- [Source records]
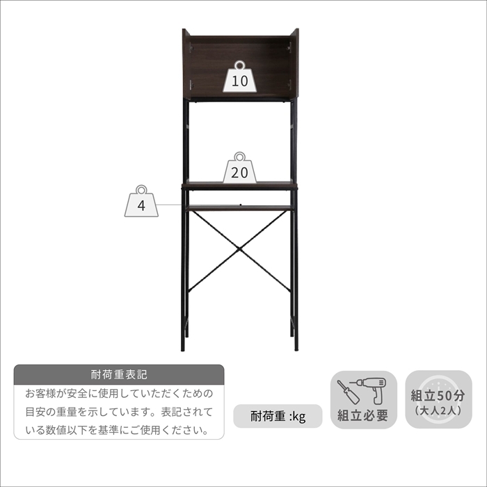| [天板]約20kg以下 [固定棚]約4kg以下 [扉固定棚]約10kg以下 |
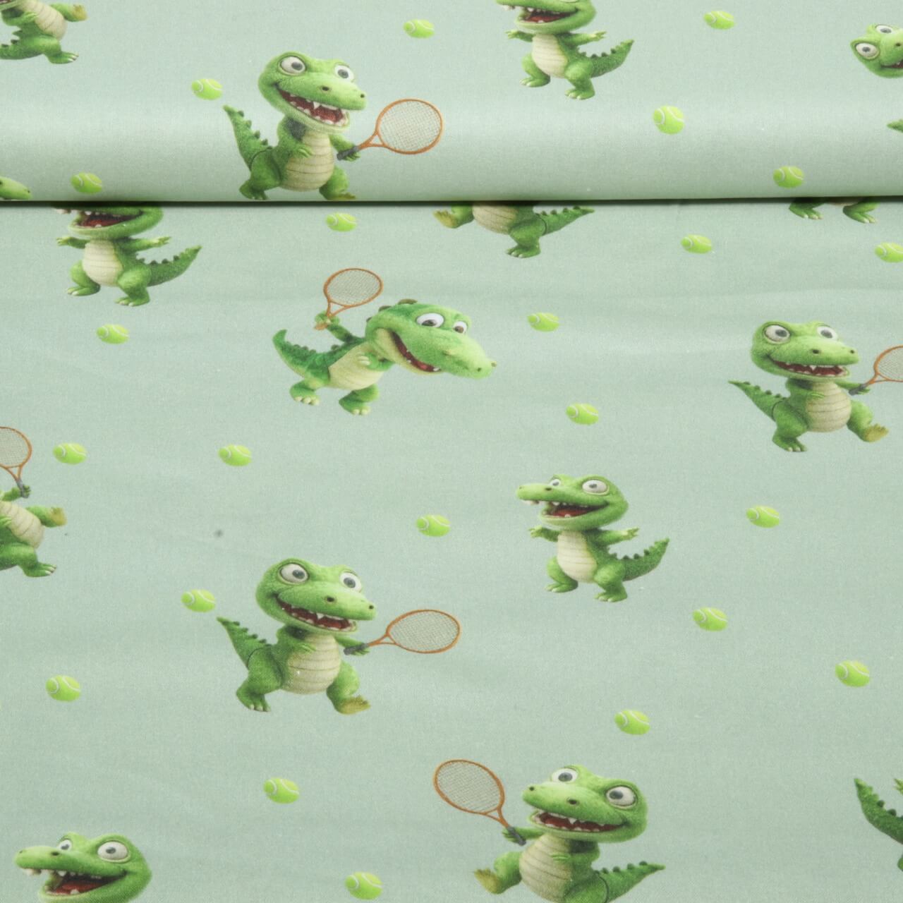 Coton tissé - Impression numérique Crocodile de tennis Vert menthe
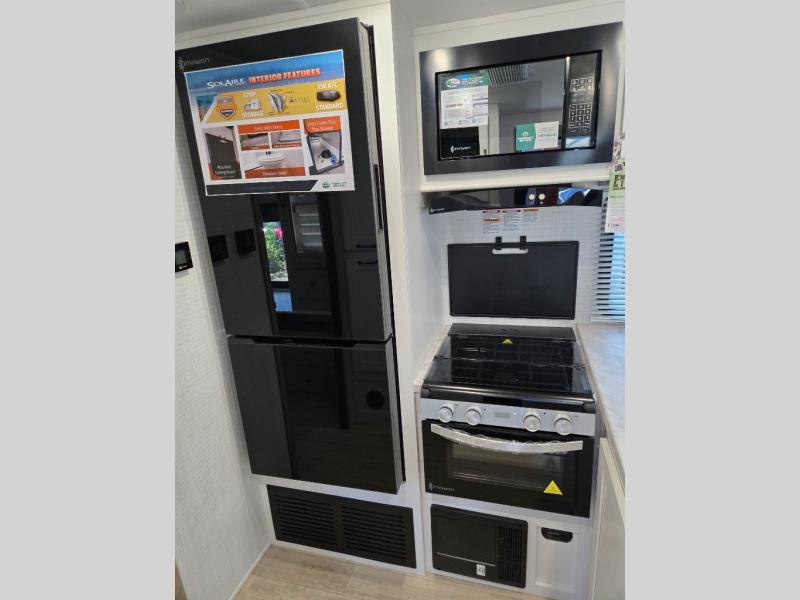 Each SolAire travel trailer by Palomino features a white gel coat exterior and an aluminum superstructure frame for lightweight towing. You will love having a power tongue jack for easy set up, plus slam latch baggage doors with magnets to make unloading easier than ever. There is also a power awning with LED lights and aluminum wheels included on the exterior. Each SolAire is constructed to last with Azdel composite, a fully laminated rear wall and roof, plus a fully enclosed and heated underbelly. The interior includes roller shades and kitchen backsplash, USB ports to keep your electronics charged, a Bluetooth stereo with speakers, and many more stand-out features!
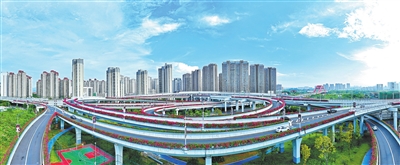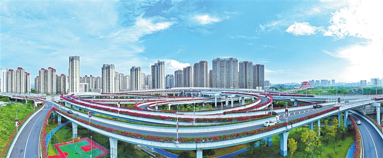 8月15日,车辆驶经赣南大道快速路新世纪立交桥上的“空中花路”。立秋以来,新世纪立交桥上的三角梅竞相绽放,让过往司机共享一道赏心悦目的风景,感受到美丽赣州的魅力。记者刘凯 通讯员曾宪涛 摄
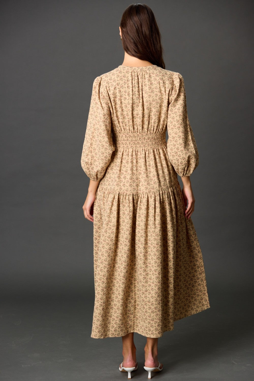 Featuring a patchwork-inspired floral print, this dress is designed with three voluminous tiers that create beautiful movement and shape. The midi length adds versatility, while the soft cotton blend offers all-day comfort.
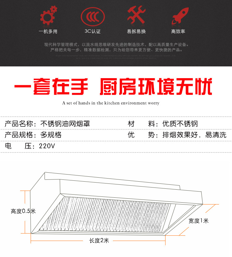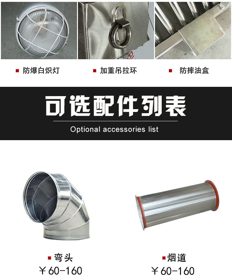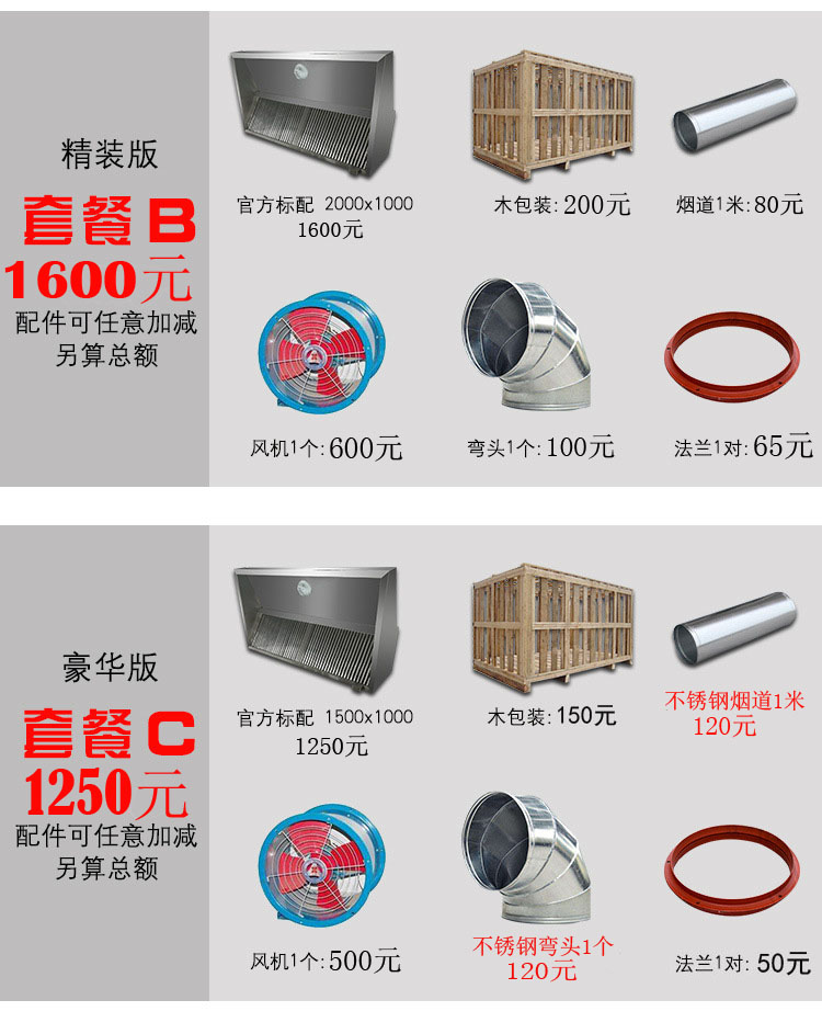 四川隆顺通风设备有限公司,可按照酒店、餐厅的厨房内灶和蒸饭柜的大小,量身定做201或者304不锈钢油烟罩,厨房不锈钢吸烟吸尘罩,我们可为您匹配好挡油板、防爆灯、油壶、风机、烟道、法兰等,您可以根据实际情况选择。本公司默认为201不锈钢烟罩,如需304不锈钢烟罩需在订货时注明。

- [Assignment] Each line above is to be transcribed exactly, though its pictures are not.

- [Worked solution]
| [天板]約20kg以下 [固定棚]約4kg以下 [扉固定棚]約10kg以下 |
 Coton tissé - Impression numérique Crocodile de tennis Vert menthe
 Each SolAire travel trailer by Palomino features a white gel coat exterior and an aluminum superstructure frame for lightweight towing. You will love having a power tongue jack for easy set up, plus slam latch baggage doors with magnets to make unloading easier than ever. There is also a power awning with LED lights and aluminum wheels included on the exterior. Each SolAire is constructed to last with Azdel composite, a fully laminated rear wall and roof, plus a fully enclosed and heated underbelly. The interior includes roller shades and kitchen backsplash, USB ports to keep your electronics charged, a Bluetooth stereo with speakers, and many more stand-out features!
 8月15日,车辆驶经赣南大道快速路新世纪立交桥上的“空中花路”。立秋以来,新世纪立交桥上的三角梅竞相绽放,让过往司机共享一道赏心悦目的风景,感受到美丽赣州的魅力。记者刘凯 通讯员曾宪涛 摄
 Featuring a patchwork-inspired floral print, this dress is designed with three voluminous tiers that create beautiful movement and shape. The midi length adds versatility, while the soft cotton blend offers all-day comfort.
 四川隆顺通风设备有限公司,可按照酒店、餐厅的厨房内灶和蒸饭柜的大小,量身定做201或者304不锈钢油烟罩,厨房不锈钢吸烟吸尘罩,我们可为您匹配好挡油板、防爆灯、油壶、风机、烟道、法兰等,您可以根据实际情况选择。本公司默认为201不锈钢烟罩,如需304不锈钢烟罩需在订货时注明。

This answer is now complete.